Capacity

Capacity

A few weekends ago my friend Ashley and I did a serious ransacking of the Takoma Park Library book sale. Rather than tackling the task of counting out all of our books, the people working the cashbox looked at our stack and estimated–it was like that. Stacks upon stacks. Among the books I brought home was The Best American Science writing of 2000, for my science-loving son who was born in 2000. In it I came across an essay called “Analogy as the Core of Cognition” by cognitive scientist Douglas Hofstadter about the centrality of analogy to thought. I started reading it in the early hours of a very busy day and I had a really hard time putting it down to go about my business. Toward the beginning of the essay, Hofstadter addresses two common puzzles: 

Why don’t babies seem to remember what they’ve experienced? 

Why does each year seem to go by more quickly than the previous years? 

The answer to both lies in the central argument of the essay–we categorize things to remember and understand them. Babies have too few concepts to contextualize and remember events. He writes, “It is as if babies were looking through a randomly drifting keyhole, and at each moment could make out only the most local aspects of scenes before them.” As we get older, we have so many large categories which to frame and connect our experiences, our years become made up of fewer and fewer uncategorizable experiences and therefore time seems to pass more quickly.
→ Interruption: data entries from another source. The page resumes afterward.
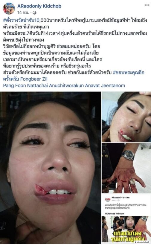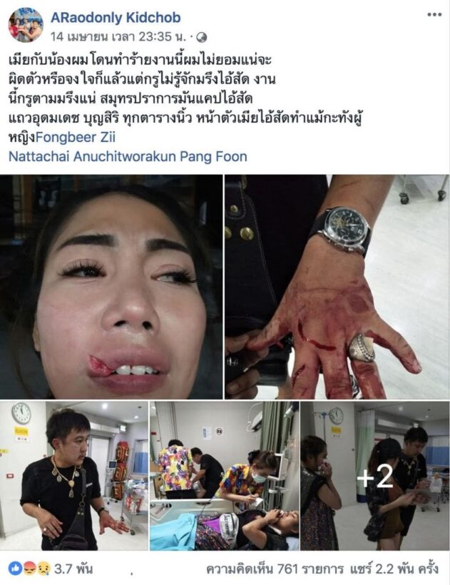 ผู้ใช้เฟสบุ๊คชื่อ ARaodonly Kidchob ได้โพสต์ภาพชายหญิงมีลักษณะบาดแผลถูกทำร้ายมา เมื่อคืนวันที่ 14 เมษายน ที่ผ่านมา พร้อมกับระบุข้อความว่า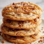Delight in these Salted Caramel Toffee Cookies, featuring a buttery cookie base studded with rich caramel and crunchy toffee pieces. Finished with a drizzle of warm caramel and a sprinkle of sea salt, these cookies balance sweetness and saltiness perfectly, making them an irresistible treat for any occasion.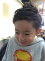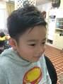 回りをぐるっと2ブロックで刈り上げ、トップはやや長めで動かしやすいようにカットしました。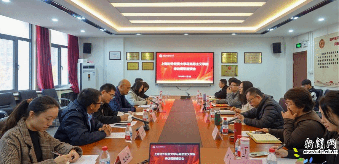 校新闻网讯(马克思主义学院供稿)11月7日,上海对外经贸大学马克思主义学院党委书记刘海泉、副书记刘诚洁、副院长罗国辉一行至学院开展调研交流。学院党总支书记孙晓霞、副书记朱志伟、副院长黄传根及双方学院学科带头人、学系主任、组织员参会。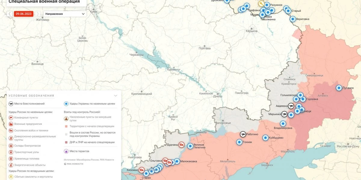 Хроника ударов и взаимных обстрелов в зоне спецоперации: данные на утро 9 июня 2023 года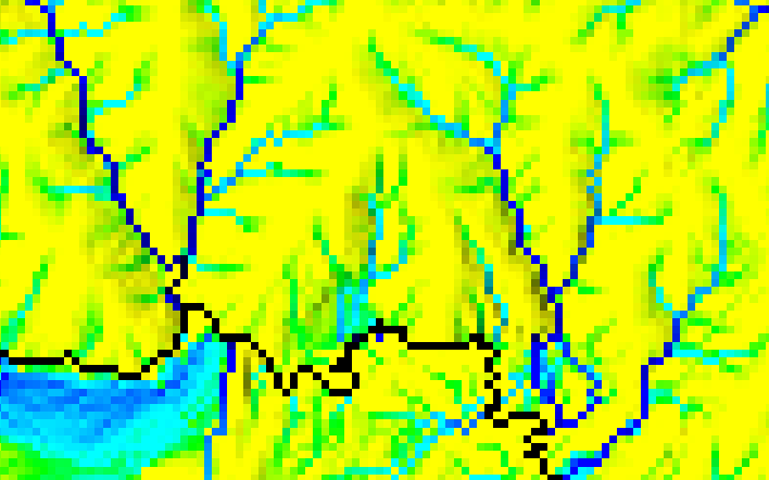 Weighed flow accumulation map (spatial subset with lake in the southern half)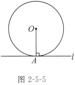 如图2-5-5,在$\odot O$中,经过半径OA的外端点A,作直线$l\perp OA$,直线l与$\odot O$有怎样的位置关系?
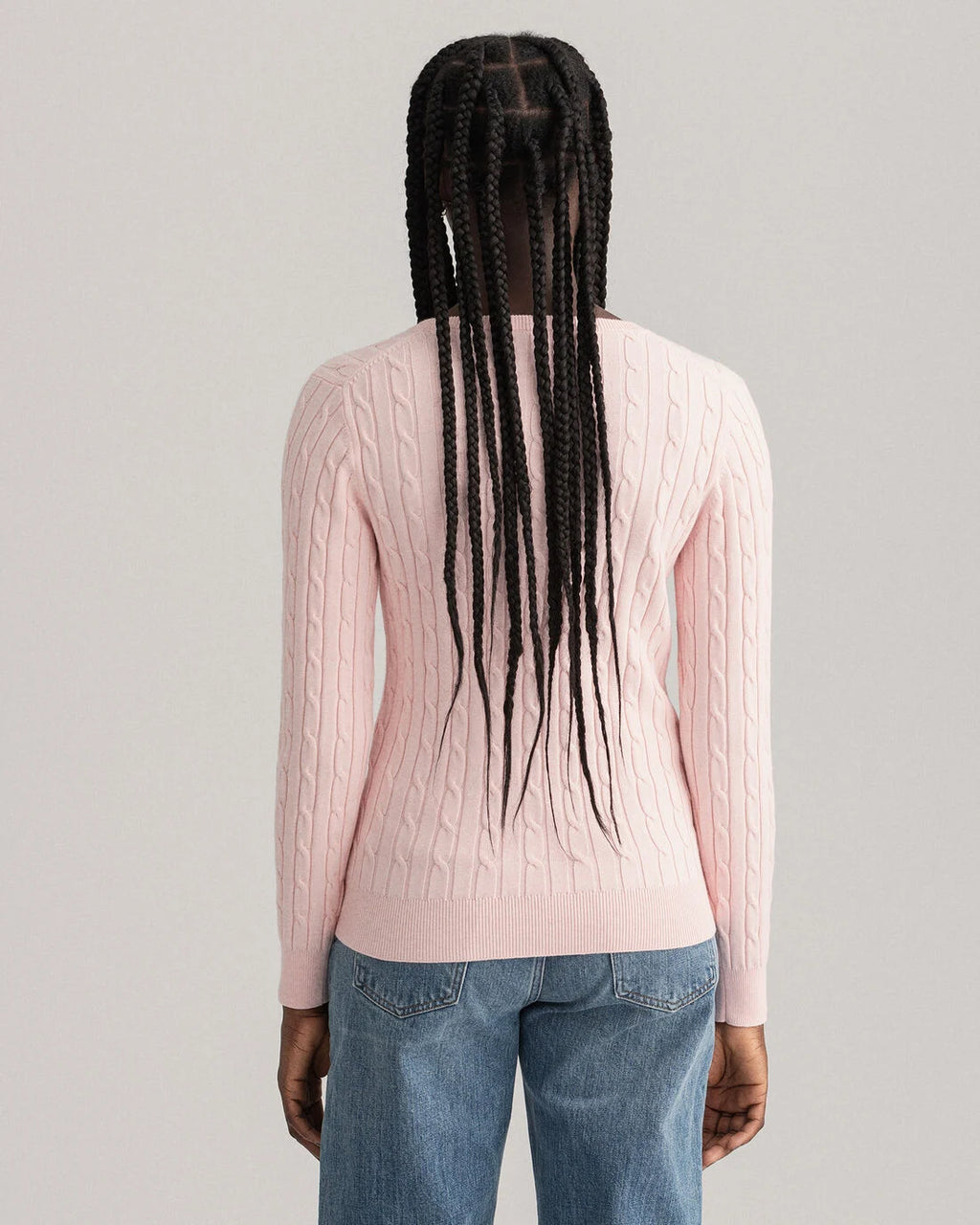 Stretch Cable V Neck Jumper - Light Pink Melange

We are always trying to create order, always also seeking chaos and the unknown.

We know, from experience, that each loss brings up previous losses, that when something sort of knocks over the imaginary mental container holding our grief category, it can be a big spilling over of emotions related to all of the individual events that are filed there. One of my favorite things about writing to a prompt is seeing what connections my mind has made in its filing of memories and learning from that about what I think and why I think what I think. The chunking of concepts or ideas can be limiting if we allow all of our judgments to be driven by our preconceived notions, if we don’t allow ourselves to be fluid in our categorization, or examine its logic. Knowing how we think is central to changing how we think.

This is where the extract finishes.